I've heard managers often tout that "if your code is stable you'll never get paged". But that hides the fact that you're still on the hook to be available. So either you start shirking your responsibility or you reshape your life around some percent of non-working hours being owned by the company still.
That being said: the SRE model has encouraged orgs to improve observability and set clear expectations and it often coaxes teams into building more reliable systems under the threat of limitless OC toil.
During that time I keep my laptop and my phone that can tether with me. I've been on call and at amusement parks. I got paged once and had to go out to the car and work an hour. Calculated risk on my part. What I should have done is ask a team mate if they would cover me for the several hours I was at the park.
However, I do want to work in places where I am responsible for operating what I build. I want to know how well the service I built is doing. If I promise it will be up 99.99% of the time but is not, then I need to know if its down so I can figured out why it went down.
Being on call for systems you build also leads to better software. It makes me design software in ways that are helpful to investigate when it fails. e.g. my error messages provide a lot of context. There is investment in making sure the service is able to terminate gracefully.

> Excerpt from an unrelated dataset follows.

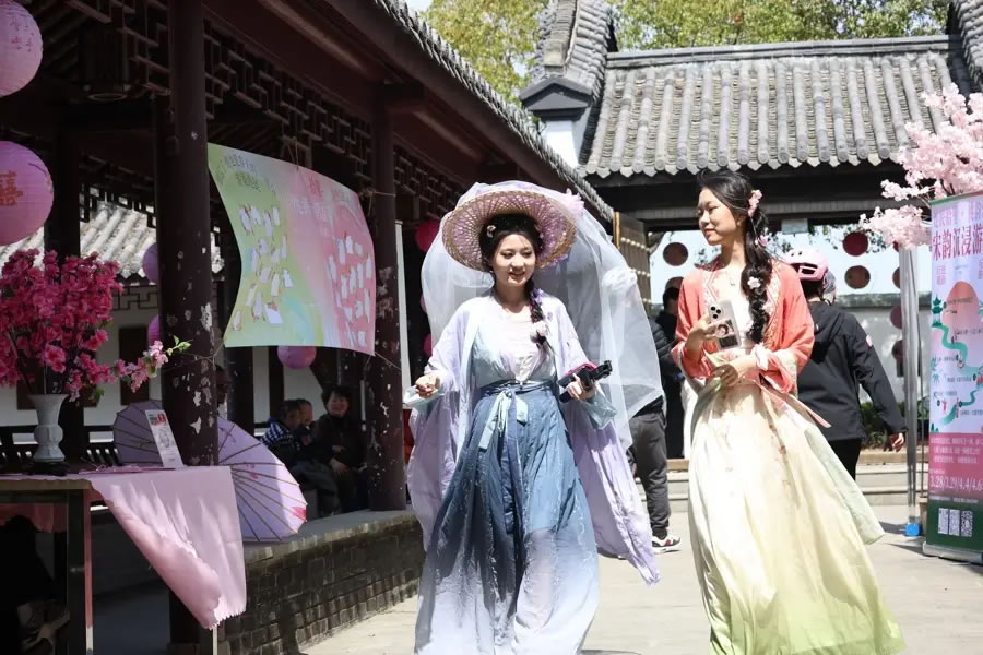 市民穿著漢服參加桃花節(jié)。李茂君 攝
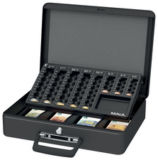 ProductinformatieAfmetingen: (L)370 x (D)290 x (H)120 mm,in gelakt staal, veiligheidscilinder met 2 sleutels, de muntsorteerder accepteert 8 soorten euromunten, afneembaar compartiment met 4 vakken voor bankbiljetten, 2 handvatten

Metrics are instrumented to locate when things might be off.
What this means is that for things that I build, I often don't get paged as often. Its in my interest to ensure that the service is honest, well designed and well built. When I do get paged, its for something that's seriously wrong.
Anyways, I've been lucky to be in this position. What I've observed for many teams is that they inherit flaky systems which they have to make more reliable; but in the meanwhile every OC shift is an absolute slog, requiring 40 hours/week dedication by people.
If I'm going to be responsible for what I build at all times, then I'm going to be compensated for what it's earning at all times.
That means options, stock, or profit sharing (with a large preference for stock).
Otherwise I feel like this relationship is strictly abusive.
Alternatively, my contracting rate is 150 an hour. I'll agree to work up to 70 hours a week, but everything after 50 is compensated hourly. On call counts, regardless of whether I actually get pinged.
On-call is the type of egregious abuse of employees that an IT union would be able to fight against. Right now companies can take advantage of people who are desperate (H1-B, young parents, etc) and don’t have the freedom to take a stand like the above poster but if all IT workers banded together it would be possible to fight against the practice.
Expecting another group to maintain your code seems an awful lot like throwing it over the wall.
You should have faith in the systems that you build. If you don't want to carry a pager for them, why does someone else want to do it?
SREs have global responsibility to the system and have a correspondingly global view. If your system broke down because of a bug you wrote, that’s on you. If a system three times removed from yours that you didn’t know depended on you broke because you changed a non-API behavior, that’s where SREs shine: they know how to quickly isolate the problem, roll back the necessary systems, and define how to avoid similar problems in the future.